PROBLEM STATEMENT:
The answer must consist solely of the lines from the line with "Kinesisk blue and" to the final line of the data below, reproduced exactly, pictures omitted.

PROVIDED DATA:
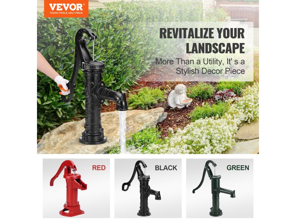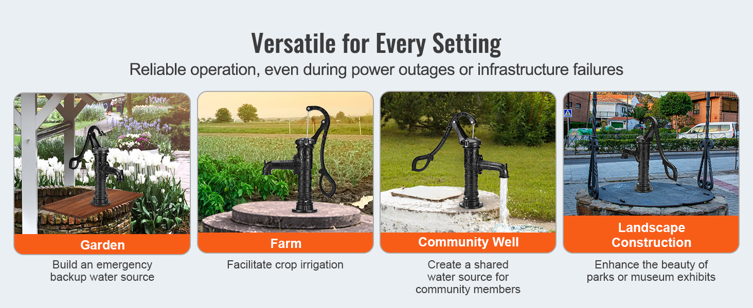 Naše ručné, manuálne vodné čerpadlo do studne bez problémov poslúži vašim potrebám vody od pokojnej rodinnej záhrady až po rozsiahle polia vašej farmy. Zabezpečte si prístup k vode kdekoľvek a kedykoľvek s riešením určeným pre každé prostredie.
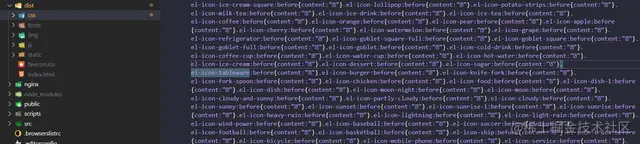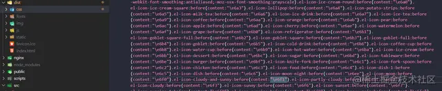 自己在本地 build 打包看了下源码,dist/css/app.xxx.css,里面的字体图标的 content 也确实是乱码:
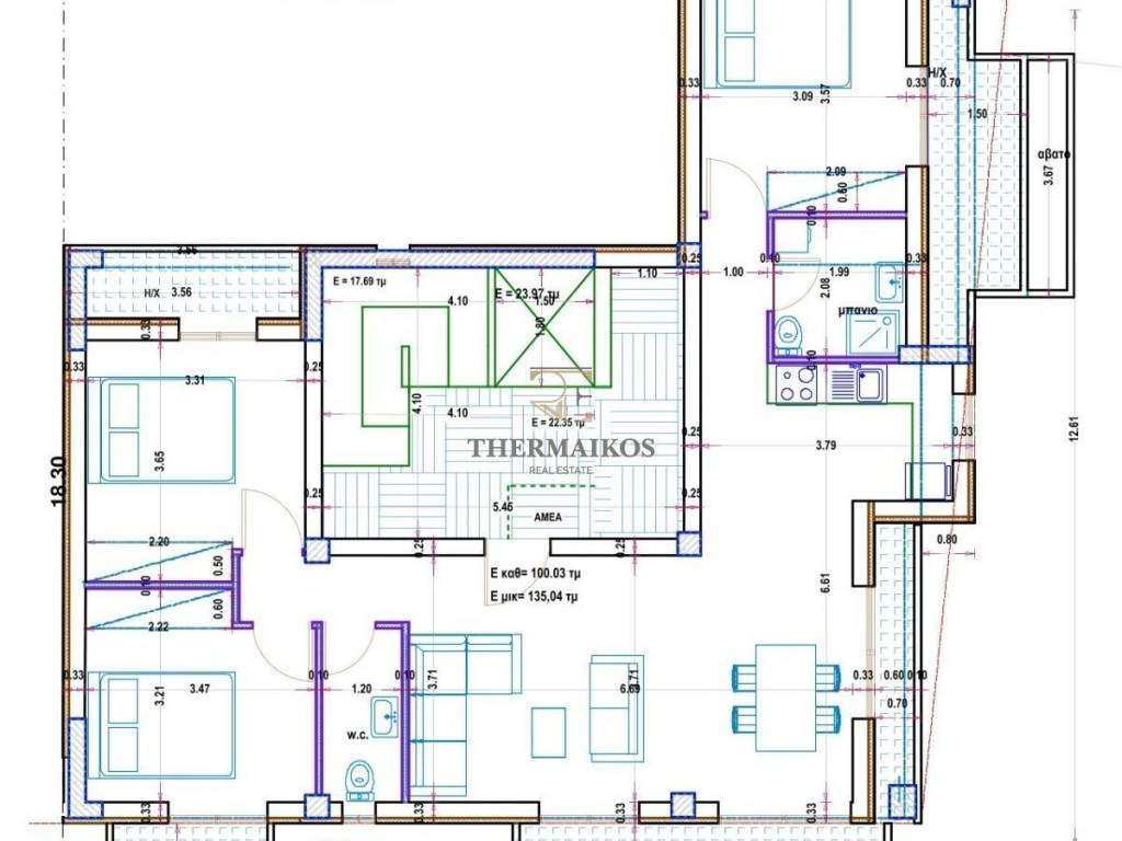 Πωλείται νεόδμητο, οροφοδιαμέρισμα, 132τ.μ., στην περιοχή "Τούμπα - Μαλακοπή". Πρόκειται για ένα πολυτελές, γωνιακό και φωτεινό ακίνητο. Βρίσκεται στον 7ο όροφο της οικοδομής και διαθέτει ασανσέρ. Αποτελεί μια αξιόλογη επιλογή για οικογένειες. Αυτή τη στιγμή βρίσκεται υπό κατασκευή. Αποτελείται από 3 υπνοδωμάτια με ντουλάπες, σαλοκουζίνα, 1 μπάνιο και 1 WC. Επιπλέον διαθέτει βεράντα, αποθήκη και θέση στάθμευσης. Στα εσωτερικά του στοιχεία αξίζει να σημειωθούν η θωρακισμένη πόρτα, ο συναγερμός και η δομημένη καλωδίωση. Διαθέτει κουφώματα αλουμινίου με διπλά τζάμια και είναι εξοπλισμένα με σίτες. Τα δάπεδα είναι από ξύλο και πλακάκια. Διαθέτει αυτόνομη θέρμανση με αντλία θερμότητας (ατομική). Επιπρόσθετα υπάρχει ενδοδαπέδια θέρμανση. Η ενεργειακή του κλάση είναι A. Έχει απεριόριστη θέα. Βρίσκεται κοντά σε στάση λεωφορείου, σχολείο, πάρκο και δάσος. Τιμή πώλησης: 595000€. Κωδικός ακινήτου: 11306 Για περισσότερα ακίνητα επισκεφθείτε την ιστοσελίδα μας http://www.thermaikosrealest.gr. Thermaikos Real Estate Κλεάνθους 39, Θεσσαλονίκη, Ελλάδα http://www.thermaikosrealest.gr info@thermaikosrealest.gr Τηλέφωνο: 2310900700 Κινητό: 6907218688 ΥΠΕΥΘΥΝΟΣ ΑΚΙΝΗΤΟΥ: ΠΑΠΑΔΟΠΟΥΛΟΣ ΛΑΖΑΡΟΣ Προσοχή! Για την υπόδειξη του ακινήτου είναι απαραίτητη η υπόδειξη της αστυνομικής ταυτότητας και του Α.Φ.Μ. σας σύμφωνα με τον Ν.4072/11-4-2012 ΦΕΚ 86 Α.
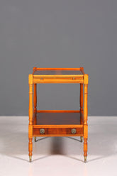Ce chariot de service élégant, de style anglais antique, allie fonctionnalité et design intemporel. Doté de plusieurs étagères, il offre un espace idéal pour les boissons, la vaisselle ou les objets décoratifs – parfait pour recevoir avec élégance ou comme table d'appoint. Son savoir-faire classique et son charme authentique en font une pièce maîtresse remarquable dans tout salon ou salle à manger. Un meuble polyvalent qui allie caractère et praticité.
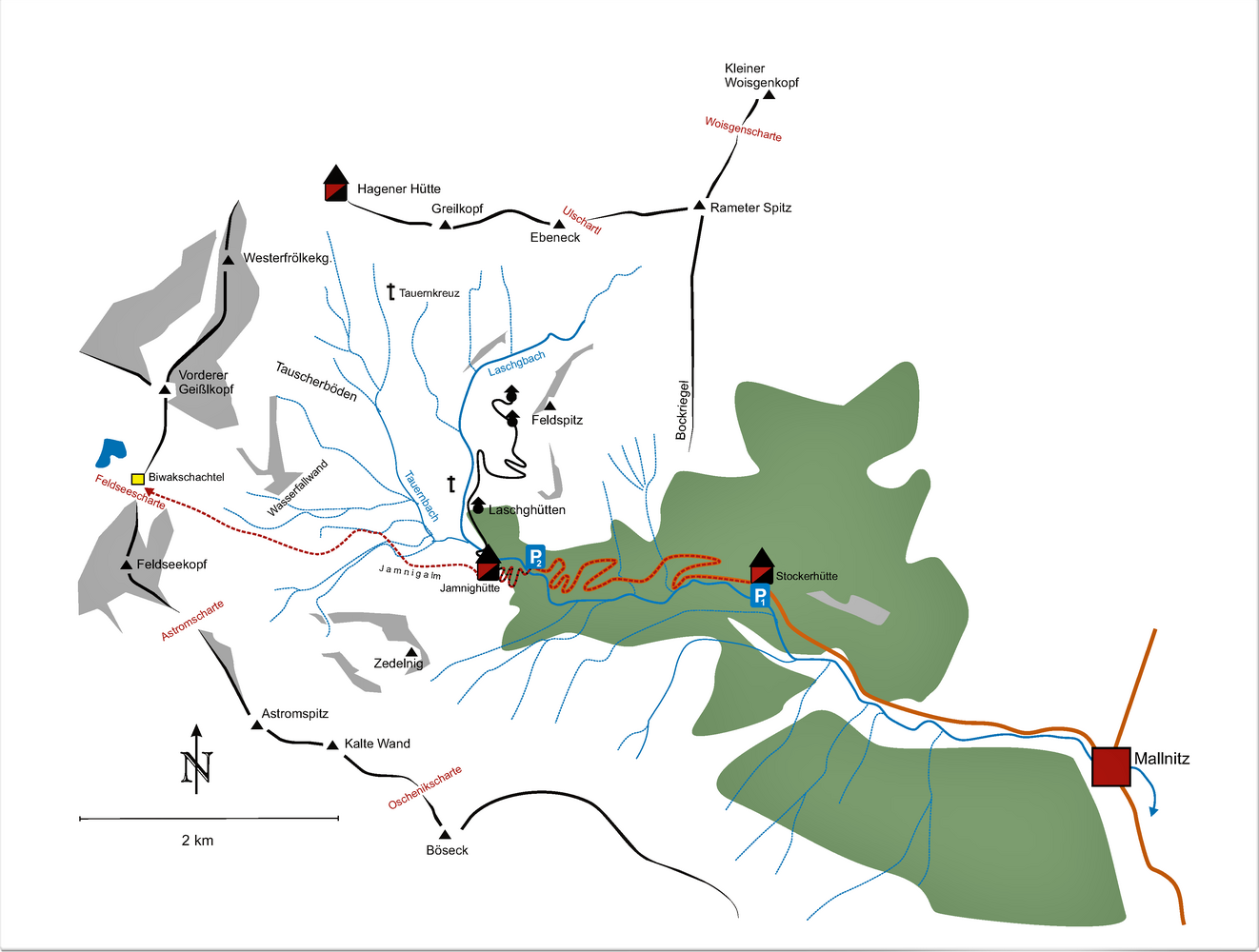 Vom Parkplatz bei der Stockerhütte über die Straße zum oberen Parkplatz knapp unter der Jamnighütte. Wenige Meter vor dem Parkplatz führt ein Brücke über den Bach und weiter bis zur Jamnighütte (1748m). Nun über den flachen Boden in westlicher Richtung weiter. Die Feldseescharte ist bereits gut einsehbar und so folgt man dem steiler werdenden Geländeverlauf nach oben.
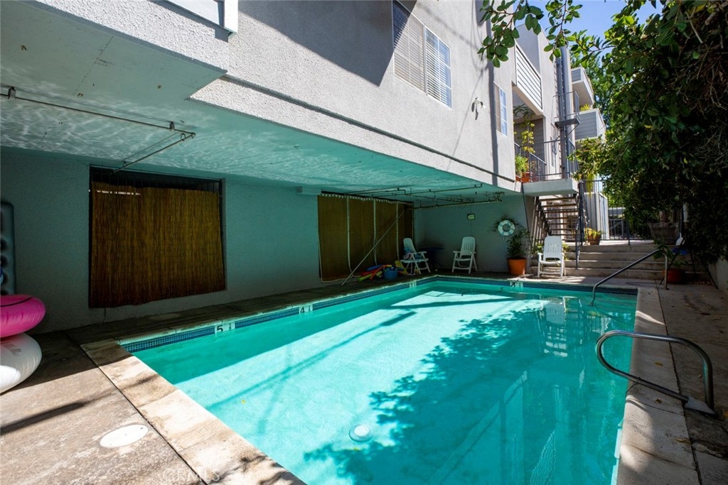 Warm and inviting, this 2 bedroom 2 bathroom condo/townhouse in the up and coming NoHo area is ready for you to move right in. Only 12 units in the complex gives owning here an exclusive feeling. Enter through the main common door and you’ll be inspired by the lovely courtyard filled with greenery. Walk into this freshly painted property with laminate flooring. A warm and inviting fireplace anchors the high ceilings in the living/dining room combination. The large patio off the living room gives this property an indoor/outdoor feeling. The kitchen has crisp white counter tops and grey cabinets with stainless appliances and a brand new kitchen faucet. Head up stairs, but first, don’t miss the great storage under the staircase and ample space for your own stackable in-unit washer/dryer. The upstairs has brand new carpeting with a lovely window at the landing to provide more light. The second floor master bedroom is generously sized and has an onsuite bathroom with dual vanity, large walk in shower, bidet toilet, all updated last year. The master closet is deep and is the perfect set up for your personal closet storage system design. The second bedroom is a nice size with good closet space. The hallway bathroom has a brand new faucet and has tons of storage. The HOA covers EARTHQUAKE insurance, water, trash, and exterior maintenance. Building has a newer roof, updated pool equipment, pool is heated for part of the year. HOA MONTHLY DUES: $345.00 for all that! This unit offers underground tandem secure parking AND your own private and secure storage room. Walkable to cool eateries and bars. Commute time is better because this unit is centrally located to 170, 134, and 101 freeways. Make this your new home!
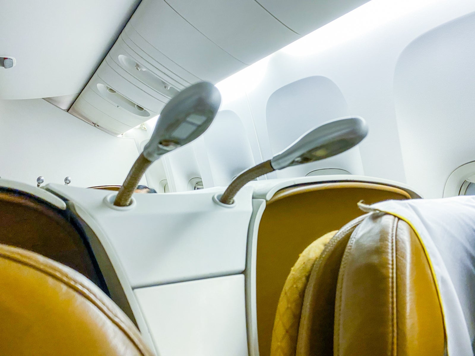 There are overhead adjustable lights for reading.
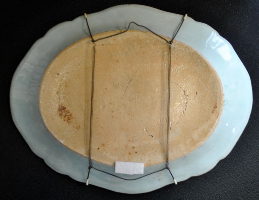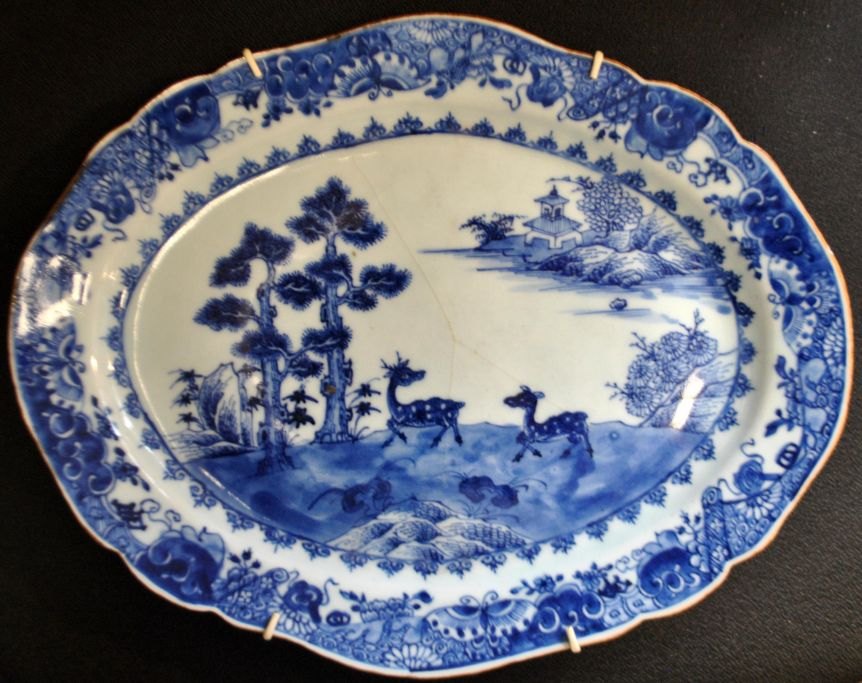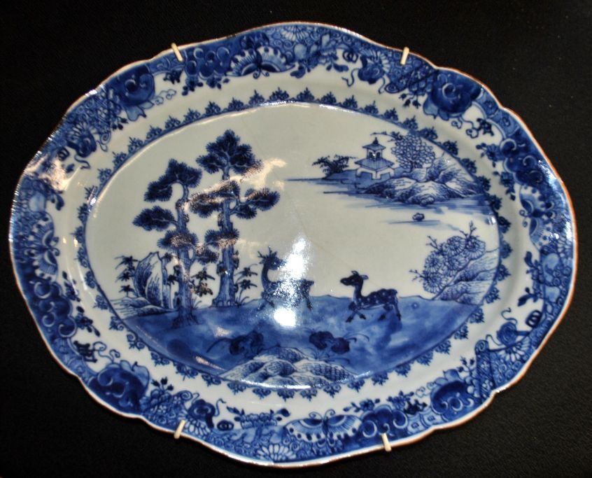 Kinesisk blue and white fad, 18. årh. Med håndmalede dekorationer af hjorte i landskab. I baggrunden pagode. Rand dekoreret med blomster og sommerfugle. L.: 36,5 cm. B.: 28,5 cm.NB: Med hårrevne - ellers perfekt stand!
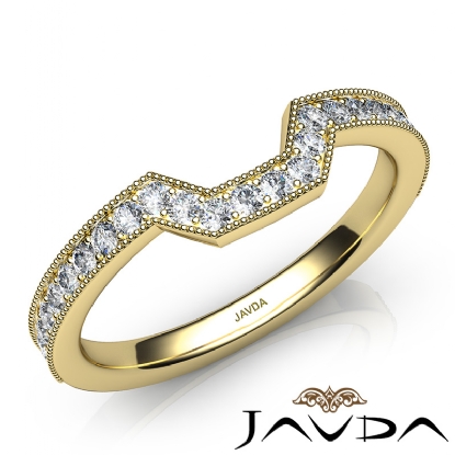 Round Pave Diamond Women's Milgrain Wedding 2.6mm Band made in 14k Gold Yellow. Ideal Matching Ring for the Item # R22050A Engagement Setting. (0.5Ct. tw.)
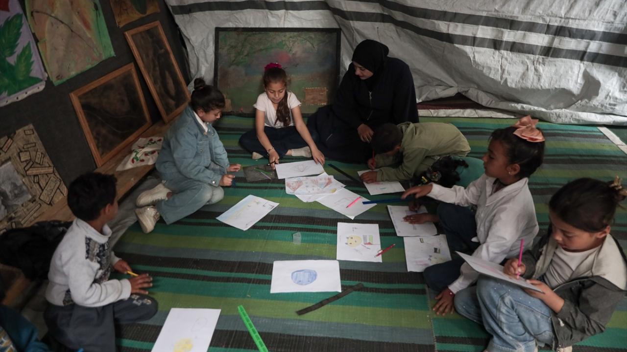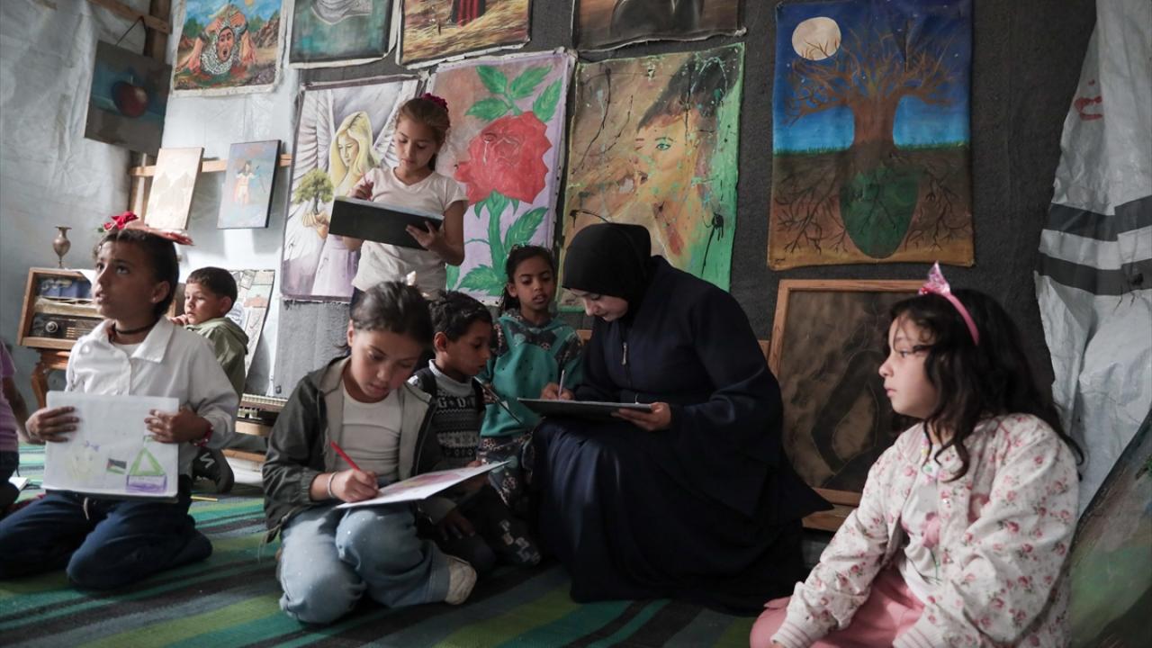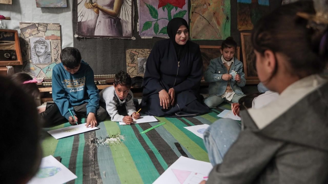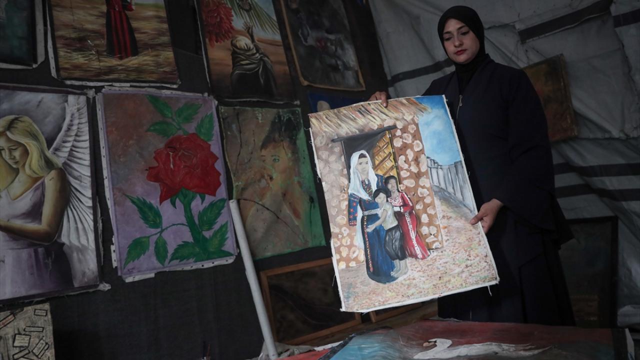 Gazze Şeridi'nin güneyindeki Han Yunus kentinde yaşayan ressam Ahlam Abdulati, enkaz altından çıkardığı tabloları ve malzemeleriyle kurduğu "çadırdan resim atölyesinde" çocuklara kelimelerle anlatamadıklarını kağıt, kalem ve fırçayla anlatmayı öğretiyor.

ANSWER TO THE EXERCISE:
 Kinesisk blue and white fad, 18. årh. Med håndmalede dekorationer af hjorte i landskab. I baggrunden pagode. Rand dekoreret med blomster og sommerfugle. L.: 36,5 cm. B.: 28,5 cm.NB: Med hårrevne - ellers perfekt stand!
 Round Pave Diamond Women's Milgrain Wedding 2.6mm Band made in 14k Gold Yellow. Ideal Matching Ring for the Item # R22050A Engagement Setting. (0.5Ct. tw.)
 Gazze Şeridi'nin güneyindeki Han Yunus kentinde yaşayan ressam Ahlam Abdulati, enkaz altından çıkardığı tabloları ve malzemeleriyle kurduğu "çadırdan resim atölyesinde" çocuklara kelimelerle anlatamadıklarını kağıt, kalem ve fırçayla anlatmayı öğretiyor.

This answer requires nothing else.